CPP test is a method of evaluating the rewarding effects of drugs and potential of psychological dependence. In a way, CPP reflects drug-seeking behavior in animals and the psychological craving in humans [33]. The CPP test found that the white box residence time of ethanol groups of trained mice was longer than time of mice before training and significantly higher than those in the saline groups, which reflects the psychological dependence of alcohol. The residence time of mice from saline + ASF group in white box had no significant differences before or after training, which explained that ASF itself does not induce the formation of CPP in mice and does not have a psychological dependence. The residence time of mice from ASF + ethanol group in white box had no significant differences before or after training, which indicated that ASF inhibits the formation of CPP induced by ethanol in mice.

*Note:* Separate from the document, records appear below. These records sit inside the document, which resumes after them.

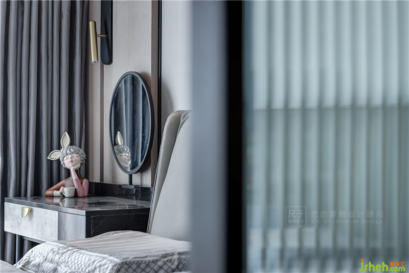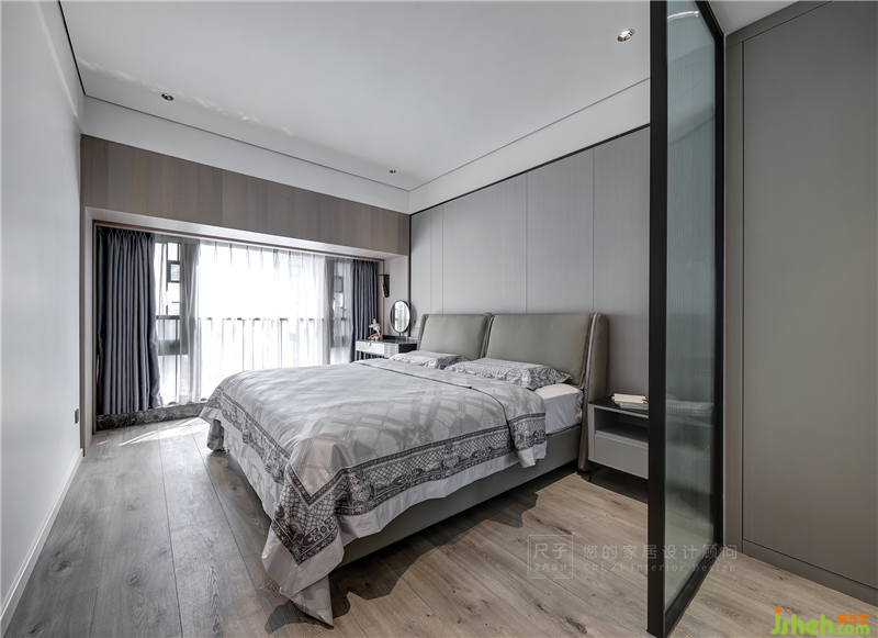 進(jìn)門處的屏風(fēng)帶來若隱若現(xiàn)的神秘感,將臥室的溫柔藏在其中;屏風(fēng)也起到了遮擋作用,避免衛(wèi)生間門正沖床。
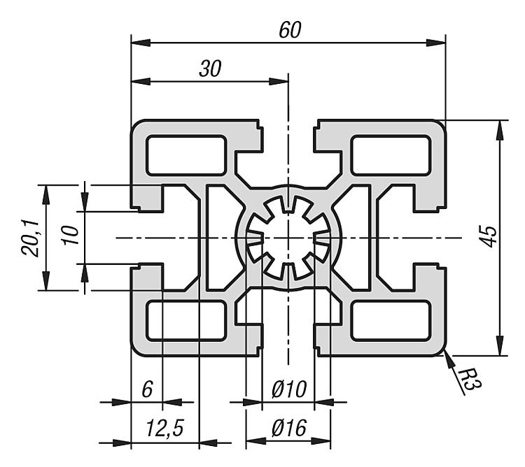 产品说明材料:铝制 EN AW-6063 T66 (AlMgSi0.5 F25)。规格:高温时效,自然色阳极氧化。提示:铝制型材用于通用结构。根据要求:斜角裁切 15°、30° 和 45°。 下载此处为收集信息的 PDF:
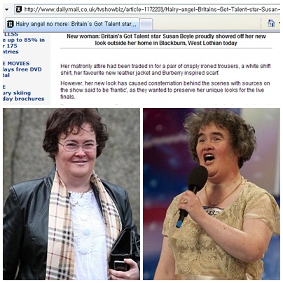 デイリーメールは 'ボイルが弟(妹)と一緒にビュティシャブに立ち寄って髪の毛を自然な茶色で染色して整えた'と伝えて '彼女は肌の赤い部分を無くす治療を受けたし彼女のトレードマークだった太い眉毛も整えていっそう女らしい外貌に様変りした'と伝えた.
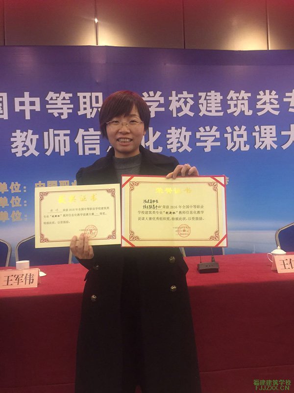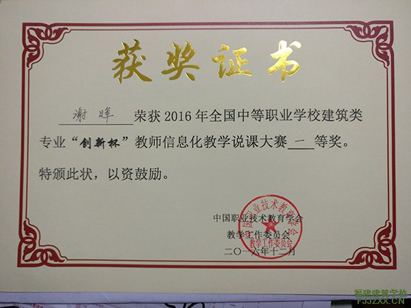 福建建筑学校土木工程教学部谢晖、张连海俩位老师于2016年12月代表福建省参加在成都举办的2016年全国“创新杯”信息化说课大赛。通过精心准备、努力钻研、积极拼搏,最终谢晖老师获得全国一等奖、张连海老师获得全国二等奖的优异成绩。谢晖老师并作为福建省的领队代表福建省职业技术教育中心领取了最佳组织奖。
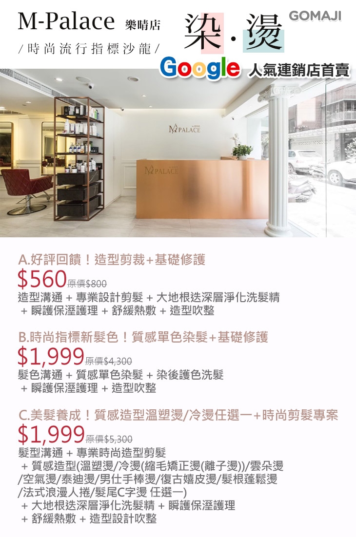 A.好評回饋!造型剪裁+基礎修護 / B.時尚指標新髮色!質感單色染髮+基礎修護 / C.美髮養成!質感造型溫塑燙/冷燙任選一+時尚剪髮專案
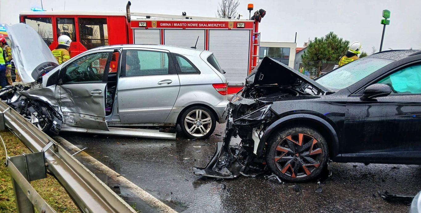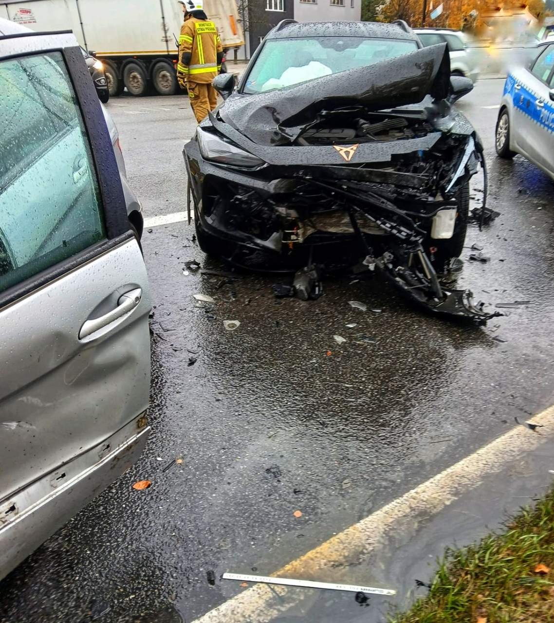 Około południa zderzyły się tam dwa samochody osobowe – Mercedes oraz Cupra Leon. Na miejsce natychmiast zadysponowano służby ratunkowe, w tym policję, straż pożarną i pogotowie.
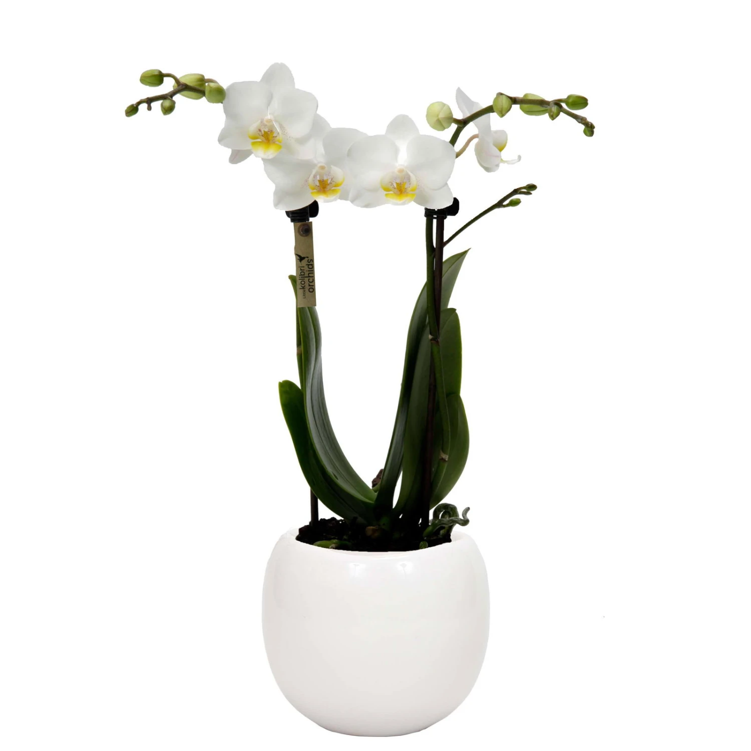 Phalaenopsis, Weißtöne, 2 Rispen, Topf-Ø 9cm, Mit Keramikübertopf, Höhe Ca. 30cm
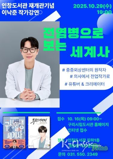 특히 작가초청 강연에는 『중증외상센터 : 골든아워』의 원작자인 이낙준 작가가 참여한다. 행사는 10월 29일(화) 저녁 7시, 새롭게 단장한 지하 1층 북카페형 개방 공간에서 진행된다.
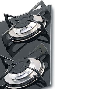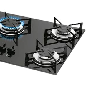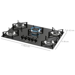 Vidro temperado bisote preto ebano ou branco polar 5 queimadores, sendo: 1 queimador rapido -3000W- 3 queimadores semirrapidos -1750W- 1 queimador auxiliar -1000W- Acendimento super automatico Trempe individual Tipo de Gas: GLP
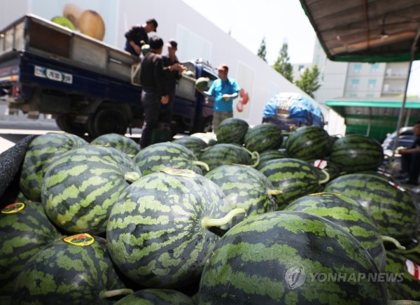 22일 오후 경기도 수원시 권선구 수원농수산물도매시장에서 관계자들이 트럭에 실린 수박을 내리고 있다.
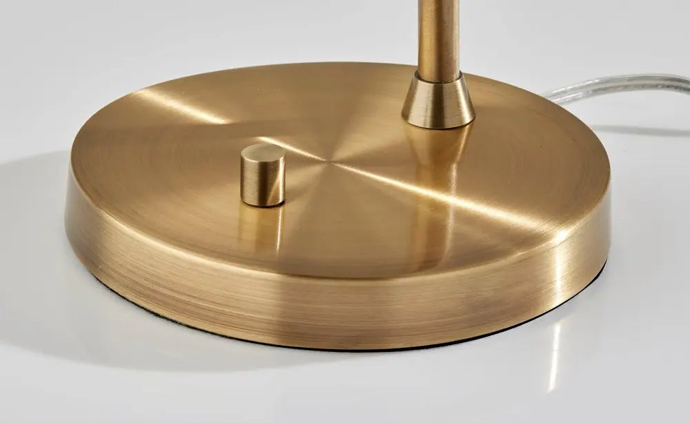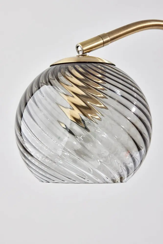 19" Antiqued Brass Metal Desk Lamp With Light Gray Swirl Globe Shade
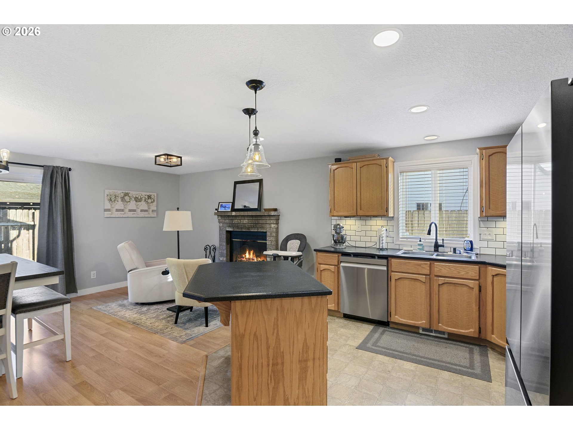 This home showcases a spacious and open layout, abundant with natural light that creates a warm and welcoming ambiance. The neutral color palette throughout allows for easy personalization. The kitchen features ample cabinetry, new appliances and a tile backsplash, complementing the open concept design. A cozy fireplace adds charm and comfort to the living area. The home offers abundant storage space, with a well-organized layout that maximizes functionality. The exterior has ample yard space and RV parking. The exterior is well-maintained, featuring a fully fenced yard for privacy and security. Recent updates include a newer roof, water softener/filtration, and air conditioning system, ensuring a comfortable and energy-efficient living environment. The great location provides convenient access to the surrounding area

In summary, the study found that ASF can inhibit development and expression of behavioral sensitization induced by ethanol and the development of CPP in mice. We demonstrate the inhibition of ASF on behavioral sensitization partly due to its affect on the mesolimbic neurotransmitter system, including decreasing level of DA, Glu and increasing the content of GABA. Thus, we can infer that ASF can prevent the forced medication behavior, drug-seeking behavior after withdrawal, and the relapse behavior of alcohol addicts and has intervention effects of alcohol dependence. This study provides a certain experimental basis for the intervention of alcohol addiction mechanism of ASF, but the other mechanisms of ASF's effect on antialcohol addiction need further study.